Friday, December 27, 2013

RAM Ratings has reaffirmed Hong Leong Assurance Berhad’s (HLA or the Company) respective long- and short-term claims-paying ability (CPA) ratings, at AA2 and P1.

Published on 27 December 2013
RAM Ratings has reaffirmed Hong Leong Assurance Berhad’s (HLA or the Company) respective long- and short-term claims-paying ability (CPA) ratings, at AA2 and P1. Concurrently, we have also reaffirmed the AA3 rating of the Company’s Subordinated Note Programme of up to RM500 million. Both long-term ratings have a stable outlook.

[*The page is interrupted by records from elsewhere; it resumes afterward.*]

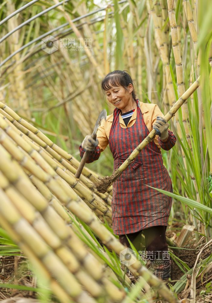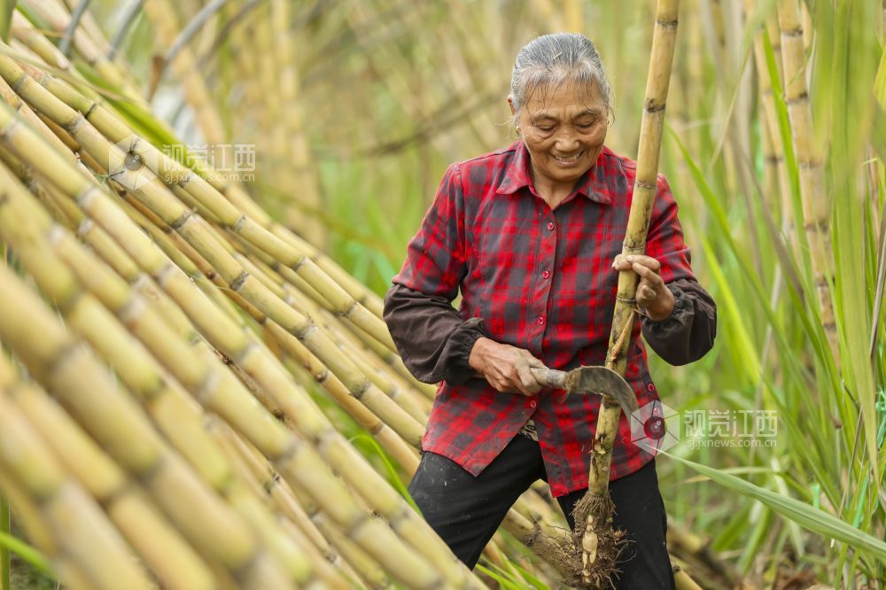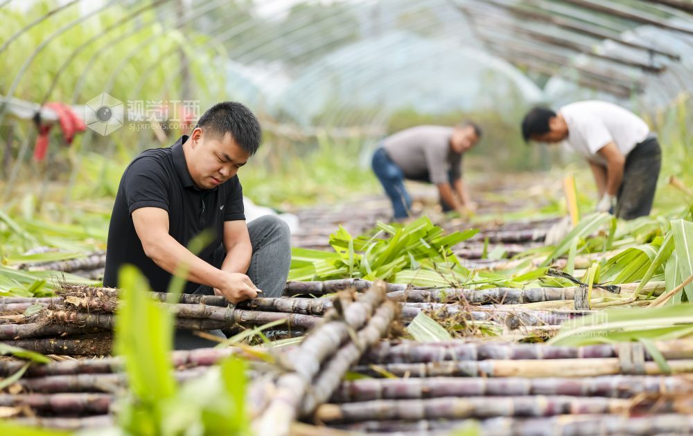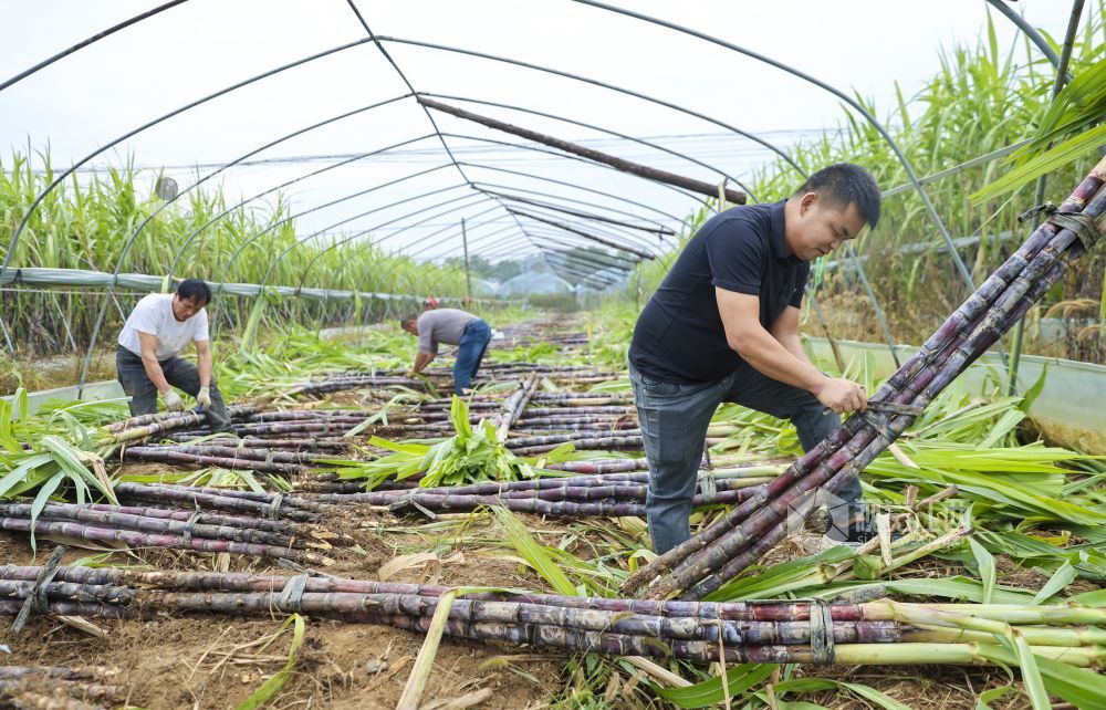2025年10月31日,江西省瑞昌市范镇源源村蓬博种养家庭农场,村民正忙着采收、打捆、装车甘蔗,供应市场。
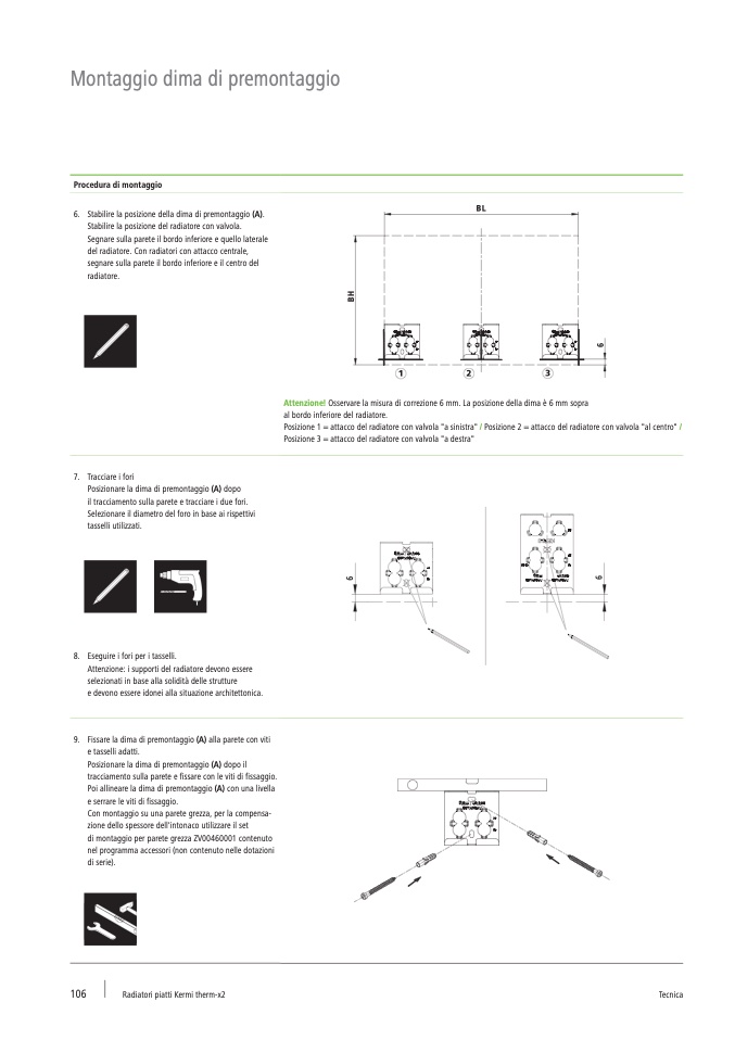 Attenzione! Osservare la misura di correzione 6 mm. La posizione della dima è 6 mm sopra
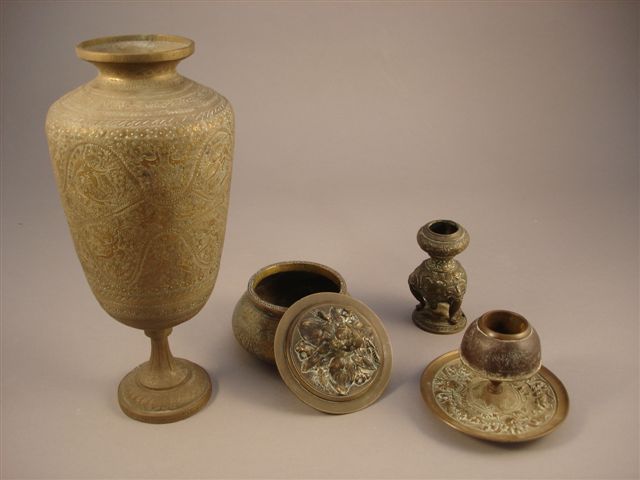 VASE ovoïde en bronze. Panse renflée et ciselée à décor de griffons. Piédouche godronné. On y joint deux pyrogènes et une boîte en bronze à panse renflée, sculptée d'insectes sur le couvercle.

The ratings reflect HLA’s respectable market position as a mid-sized (fifth largest) life insurer in Malaysia, with over 40 years’ track record and a fast-growing franchise. HLA is the insurance arm of the larger Hong Leong Financial Group Berhad and derives strong financial flexibility from the latter, which has been factored into the Company’s CPA ratings.

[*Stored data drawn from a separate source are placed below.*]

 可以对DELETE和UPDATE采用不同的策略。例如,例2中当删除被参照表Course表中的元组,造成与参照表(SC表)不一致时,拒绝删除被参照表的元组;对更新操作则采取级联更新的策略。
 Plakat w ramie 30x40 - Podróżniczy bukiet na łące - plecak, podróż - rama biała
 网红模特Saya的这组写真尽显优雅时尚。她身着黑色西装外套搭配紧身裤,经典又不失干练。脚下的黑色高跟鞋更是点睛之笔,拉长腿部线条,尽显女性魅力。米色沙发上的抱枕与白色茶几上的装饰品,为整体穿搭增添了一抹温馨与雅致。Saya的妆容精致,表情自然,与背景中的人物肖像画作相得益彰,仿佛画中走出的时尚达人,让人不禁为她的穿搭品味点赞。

Over the past 5 years, HLA has been rapidly expanding its life business. The weighted premiums of new business grew at a CAGR of 27.7% against the industry’s 10.9%. In terms of new business regular premiums, HLA leads the industry with a market share of 22% in 2012.  The Company’s earnings quality is robust as it prioritises regular premiums (which constitute over 95% of its gross premiums) to ensure earnings sustainability. Consequently, HLA’s conservation ratio remained favourable at 94% in FY Jun 2012 (industry average for 2012: 85%). HLA’s 3-year ROA and pre-tax profit margin of 2.4% and 12.4% respectively are on par with its peers. Nevertheless, pre-tax profit dipped 23% y-o-y in FY Jun 2013 due to higher reserves and benefits payments. To enhance profitability, HLA is expanding its investment-linked (IL) portfolio and has repriced par products in 2013. Meanwhile, the Company’s operating efficiency remains favourable with an expense ratio of 24% in FY Jun 2013.

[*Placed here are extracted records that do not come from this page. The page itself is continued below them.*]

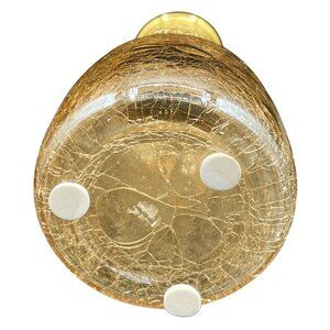 Vintage Handcrafted Brass Floral Etched Neck Ornate Amber Crackle Glass Vase
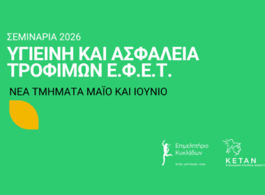Δύο νέα τμήματα επιμόρφωσης τον Μάιο και Ιούνιο για τη λήψη πιστοποιητικού ΕΦΕΤ στην Υγιεινή και Ασφάλεια Τροφίμων
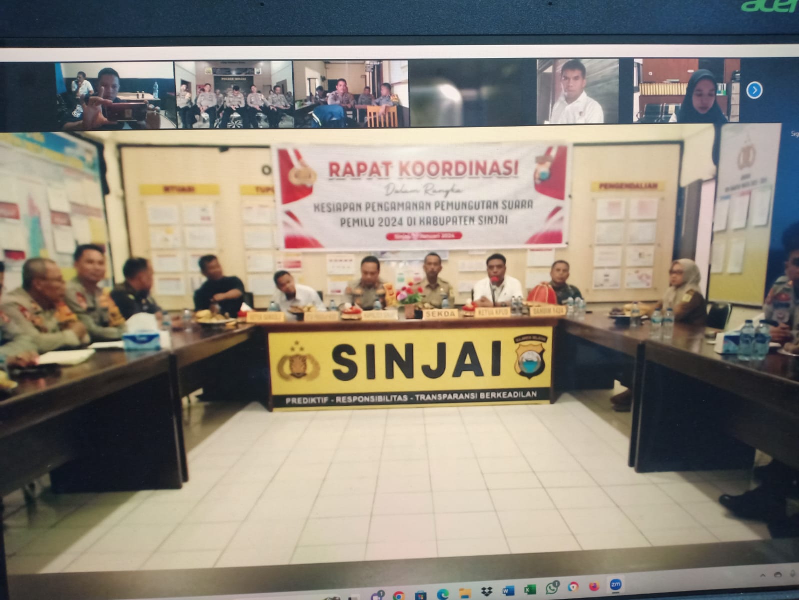 Rapat Koordinasi bersama instansi terkait, Komisi Pemilihan Umum (KPU), dan Badan Pengawas Pemilihan Umum (Bawaslu) dalam persiapan menjelang pergeseran dan pengamanan pemungutan suara. Kegiatan ini diadakan sebagai bagian dari upaya untuk memastikan kelancaran dan keamanan pelaksanaan pemilu di Kabupaten Sinjai.

The ratings also considered the Company’s adequate capitalisation. The issuance of the RM500 million Subordinated Note Programme in February 2013 and a healthier surplus in 1Q FY Jun 2014 had boosted the Company’s risk-based capital-adequacy ratio (CAR) to above 220% as at end-1Q FY Jun 2014. Going forward, management has indicated a post-dividend CAR of around 200%.
Meanwhile, the ratings are moderated by HLA’s aggressive portfolio growth which may have been achieved at some expense to pricing. The repricing of par products and emphasis on IL products augur well for profitability, although sufficient traction in the latter goal has yet to be seen given the strong competition in this popular product class. Further, the low interest environment remains a challenge for HLA, as it does for the industry.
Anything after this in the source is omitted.